She also talks about some of her favorite films that got less attention than her big hits, like “Titanic,” where she forged her lifelong friendship with Leonardo DiCaprio, who is like an uncle to her children. She is also proud of beating Tom Cruise twice on underwater breath holds. She returned to work with James Cameron in “Avatar: The Way of Water” and returns in his upcoming holiday movie, “Avatar: Fire and Ash.” After producing five projects — including TV series “Mare of Easttown” and “The Regime,” and the movie “Lee” — Winslet gained the courage to direct.
“Thirty-three years of my career has taught me so much,” she said, “because as an actor, you’re never just showing up and doing the job.
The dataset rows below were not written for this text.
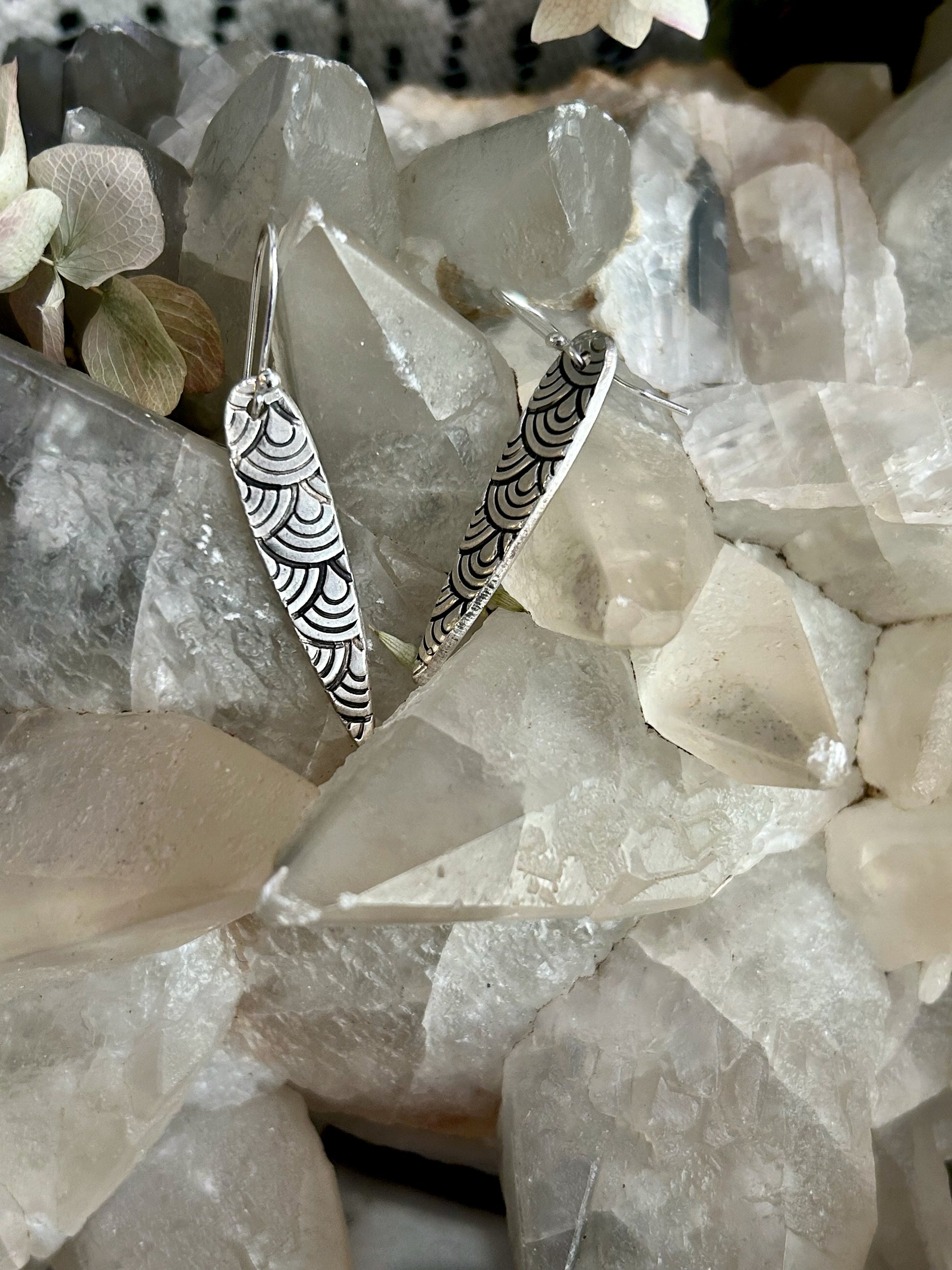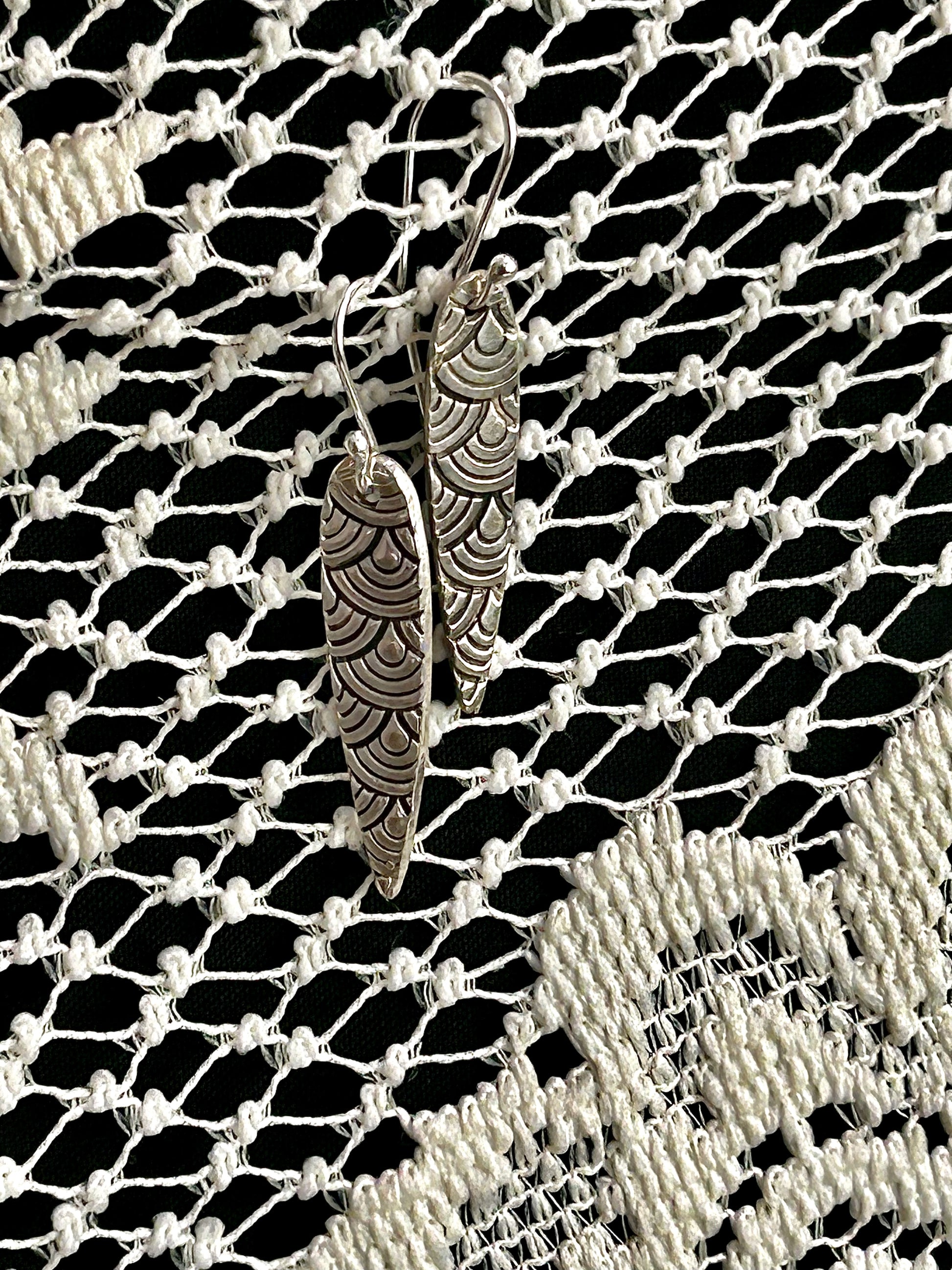 These hand crafted fine silver earrings feature an elongated design with intricate wave patterns. Lightweight and stylish, they're perfect for adding a touch of poise to any look.
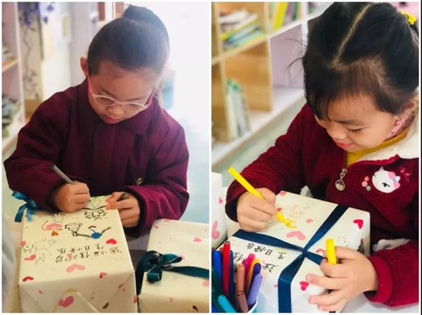 生日禮物也是別出心裁,孩子們真認(rèn)真的給包裝紙上進(jìn)行繪畫(huà)裝飾呢!
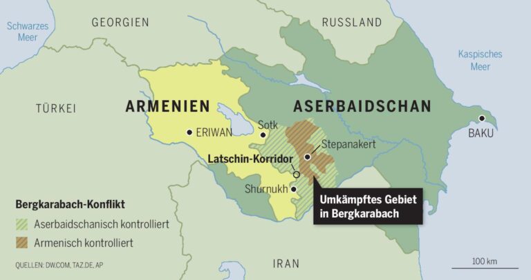 Der jahrhundertealte Konflikt zwischen Armenien und Aserbaidschan trat nach der Auflösung der Sowjetunion in seine jüngste Phase. Die beiden neuen Staaten waren bevölkerungsmässig nicht scharf getrennt. Wichtige Teile der armenischen Bevölkerung lebten in Aserbaidschan und umgekehrt. Besonders heikel war die Lage im Grenzgebiet Bergkarabach, das von einer grossen armenischen Mehrheit bewohnt, aber von Stalin der Gerichtsbarkeit der sozialistischen Republik Aserbaidschan unterstellt worden war. 1989 waren von den etwa 188 000 Menschen in Bergkarabach 73,5 Prozent armenischer Herkunft, 25,3 Prozent Aserbaidschaner. Während der Auflösung der Sowjetunion beanspruchte Armenien die Ko ...
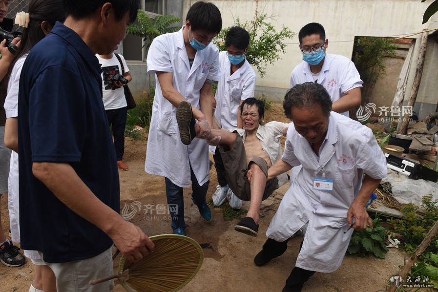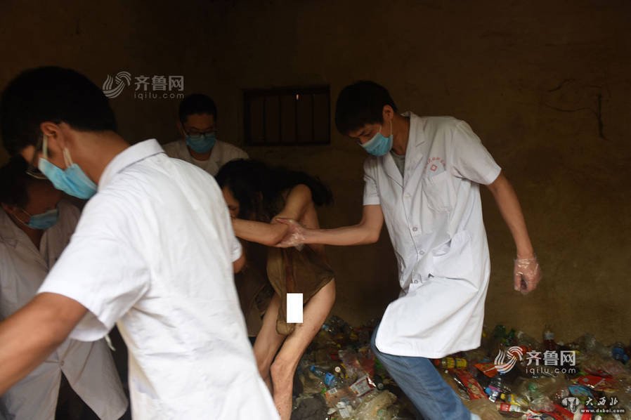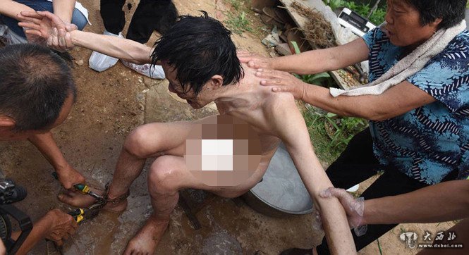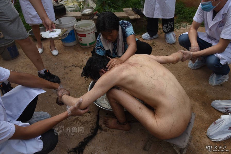 图为解锁后,母亲齐良英正在给吴强清洗身体。
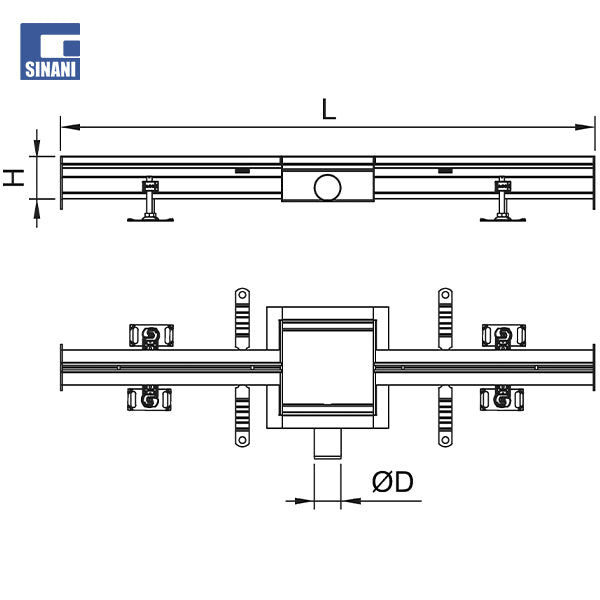Kanal inoksi Slot 8 me fllanxhe, me dalje DN50 ne qender, me guarnicion gome
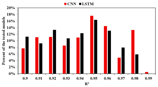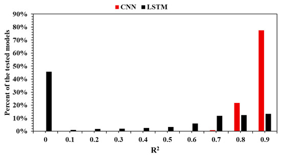 LSTM and CNN architectures are designed for applications involving time series. Both performed very well for the use case proposed in this research (Figure 5). A total of 77% of the CNN models that were trained and later tested had an R2 equal to or higher than 0.9, showing how powerful this architecture is for a wide range of hyperparameters. In the case of LSTM, 13% of the models had an R2 equal to or higher than 0.9. This means that there are fewer models with such high performance, so the number of combinations of optimal hyperparameters is significantly less compared to a CNN. This section, divided by subheadings, provides a concise description of the experimental results, their interpretation, and the experimental conclusions that can be drawn.
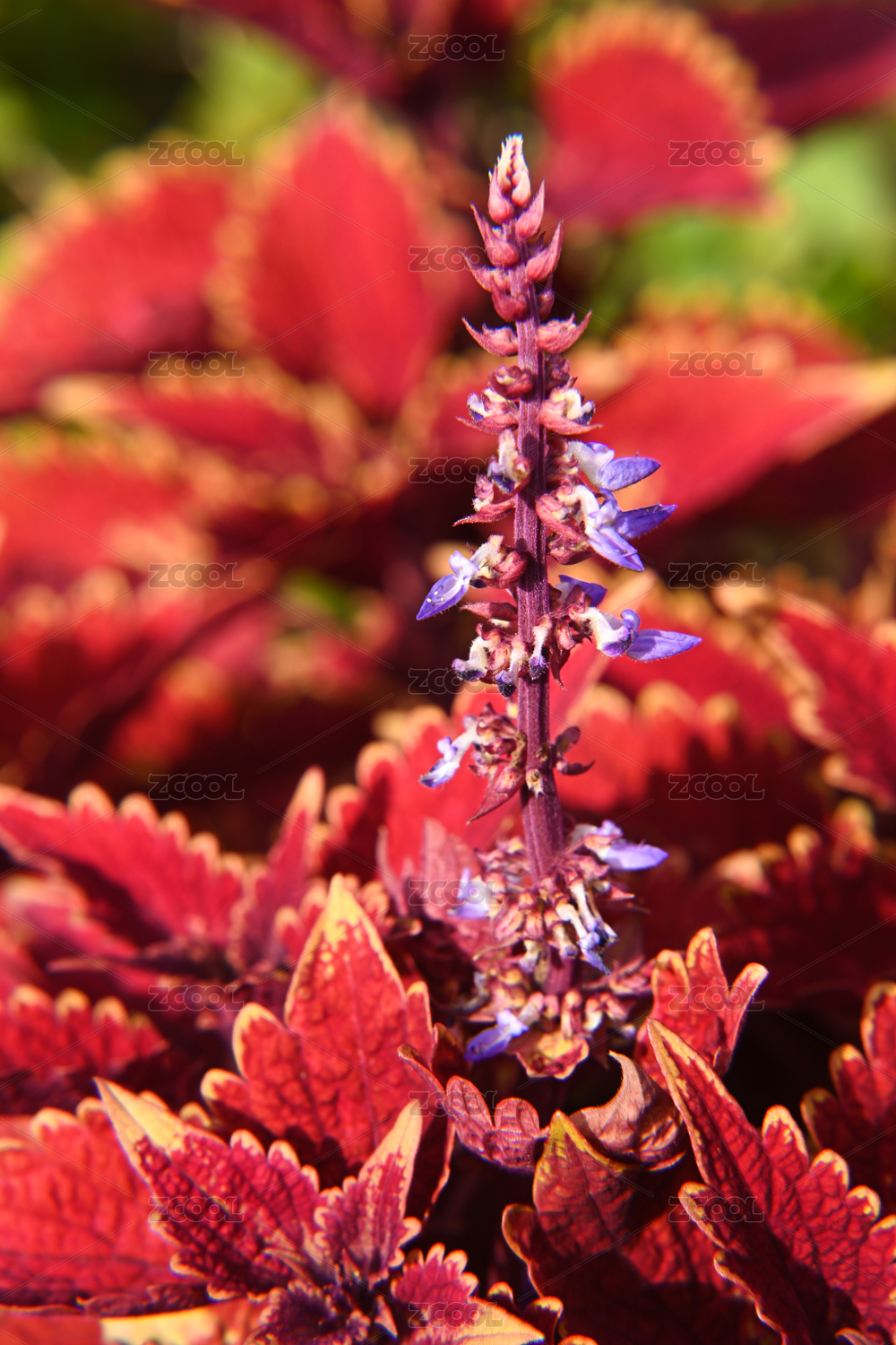晴天灿烂阳光下的五彩苏,红叶紫花
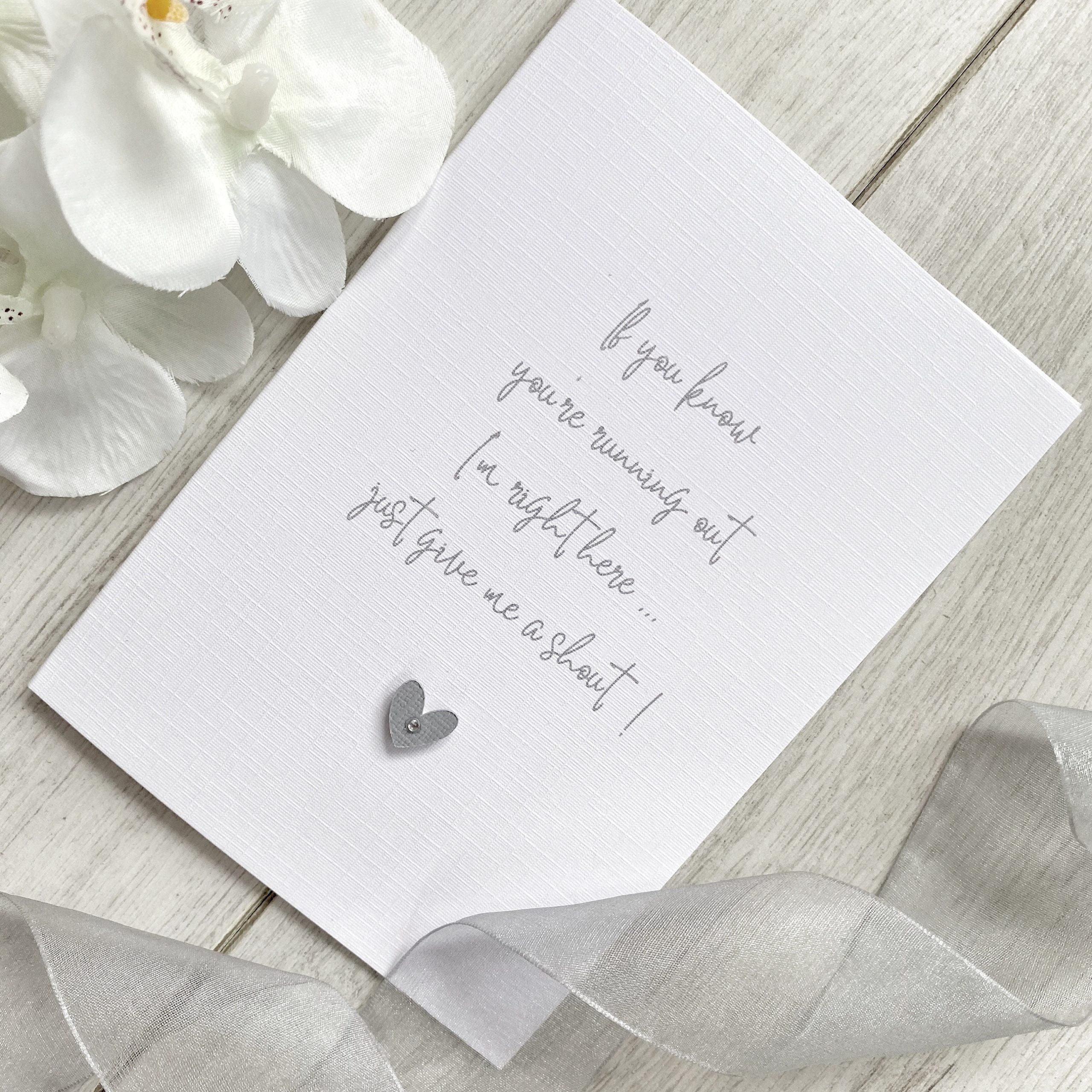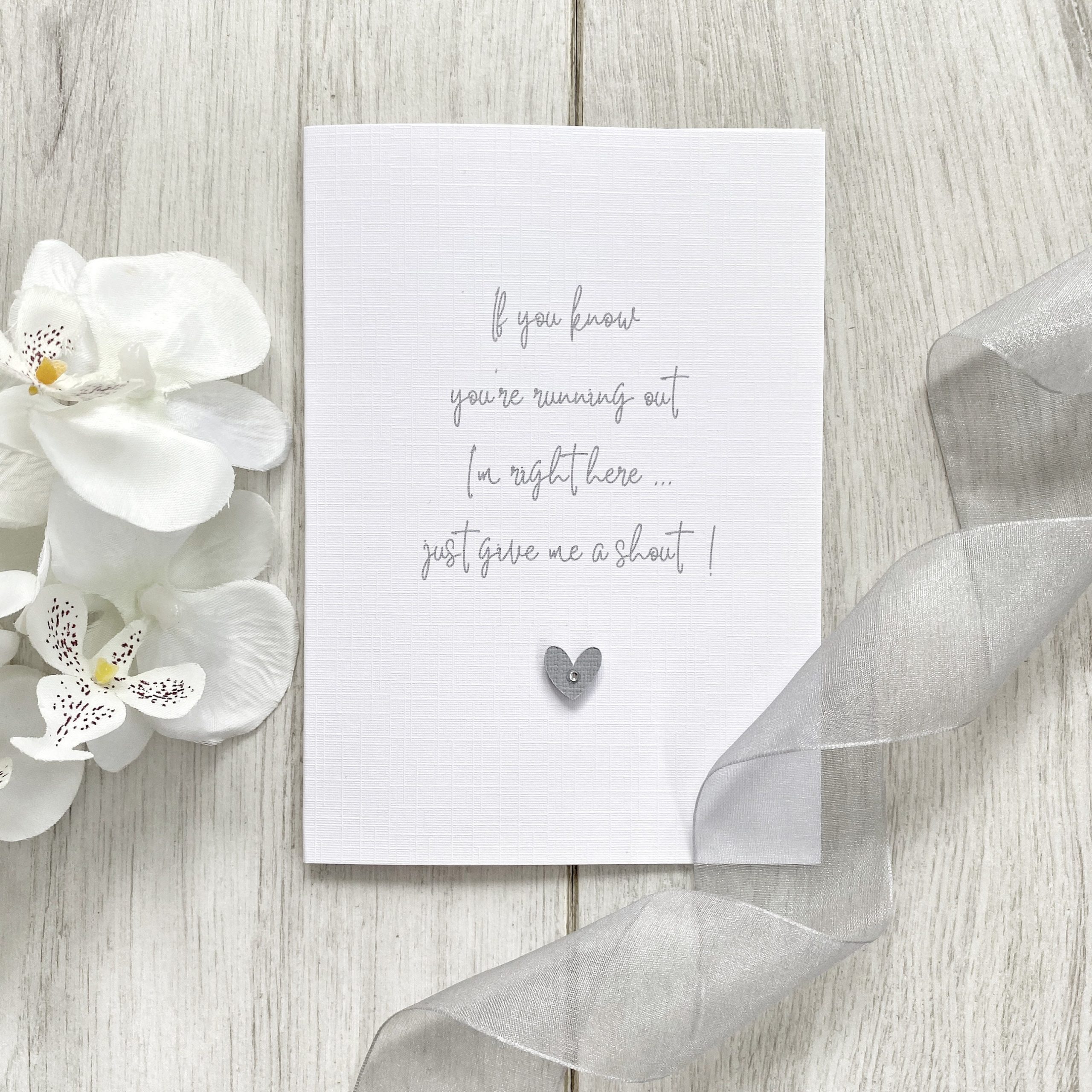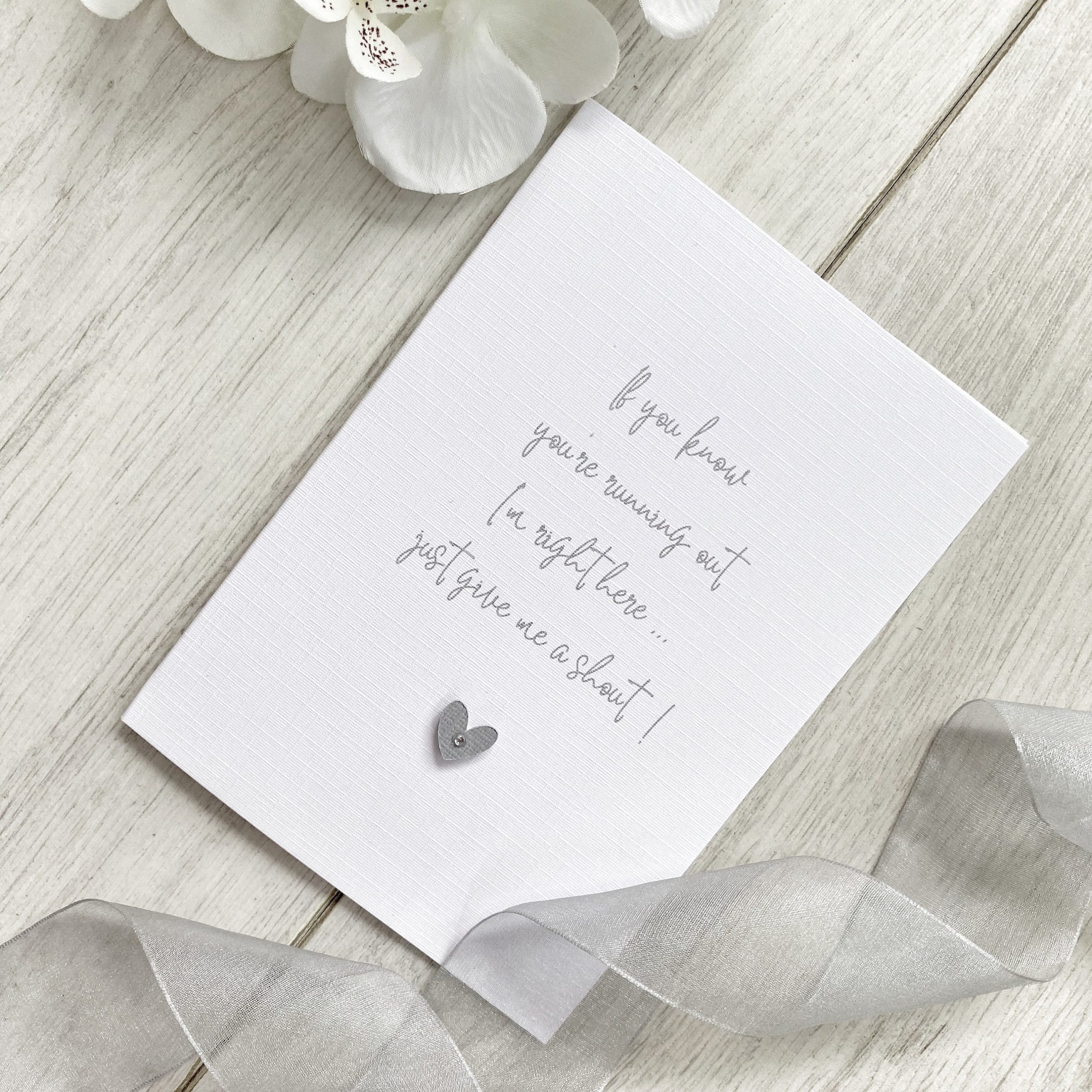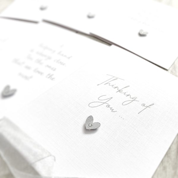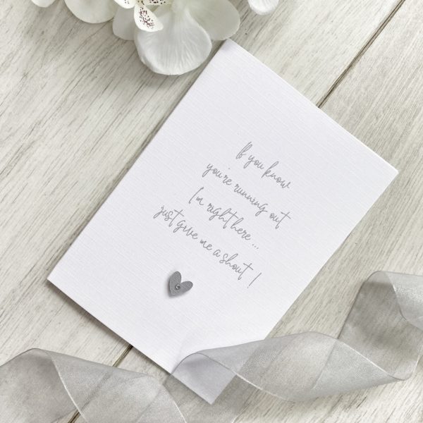 ◆ Printed in grey font and embellished with grey textured colour coordinating card heart on a raised pad with a little silver gem in the heart.
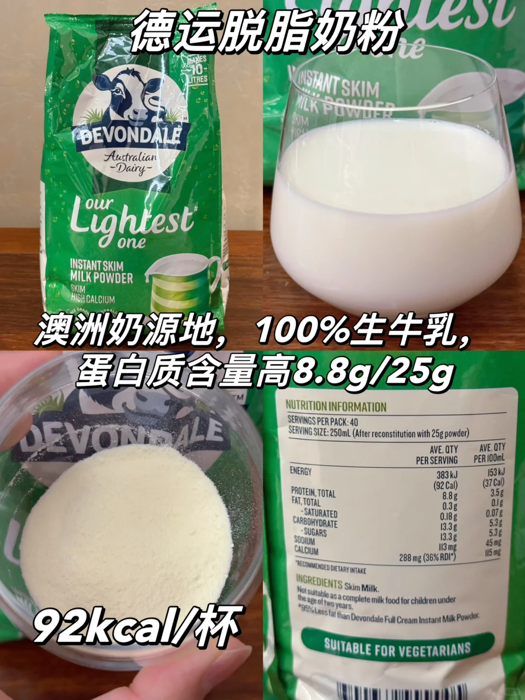 3️⃣德运澳洲脱脂奶粉:澳洲奶源地,100%生牛乳,蛋白质8.8g/每份含量最高!
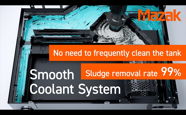 The coolant tank has a coolant jet that makes a vortex in the center so that small machined chips will not settle in the tank. This feature makes it possible to keep the coolant tank clean and extend the service life of the coolant. Ease of maintenance is also ensured. The frequency of coolant changes is reduced as well as CO₂ emissions at coolant disposal.

You are also learning an awareness of how to be on a film set, how to conduct yourself, how to collaborate and behave with other people, so that everyone feels respected and included…being an active producer and putting the financing together and sometimes paying for screenwriters fees out of my own pocket just to keep something alive was the best possible way I could ever have learned the nuts and bolts of that job. And so my relationship with Ellen [Kuras] and being able to elevate her — the director of ‘Lee,’ the cinematographer of ‘Eternal Sunshine of the Spotless Mind,’ and I’d known her for all of that time — to have her direct her first feature film after so many years and an incredible career was also part of being the kind of producer that I want to be.”
Winslet’s son with ex-husband Sam Mendes, Joe Anders, wrote the script for “Goodbye June,” based on the 2017 death of his grandmother, Winslet’s mother. He studied screenwriting at the National Film and Television School. “He’s about to turn 22 years old,” said Winslet. “He has read many a script. He has practiced lines with me time and time again… He invented this fictional story and this fictional family that you see in ‘Goodbye June.’ So when I first read the script, it was incredibly funny, touching, moving. It had all the hallmarks of a great screenplay.”
She said, “He spent the next year after that, until he was 20, working on various drafts of the script, and it was ready to go. And I said, ‘Do you think that I could maybe direct it?’ Because I felt so close to the material at that point, and I also did feel ready, and I’m just not someone who does anything by half. I knew that I couldn’t step into that role unless I felt emotionally brave enough, strong enough, prepared enough, technically aware, enough of what it was going to take. And I did it in the 50th year of my life, and I could not be prouder. Having spent so many years advocating for women getting into male-dominated spaces in this industry, I thought, ‘You know what? If I don’t do this now, maybe I never will, and if I don’t do it, how am I actively contributing to changing the culture?’ For that reason alone, if I never direct again, I did it.”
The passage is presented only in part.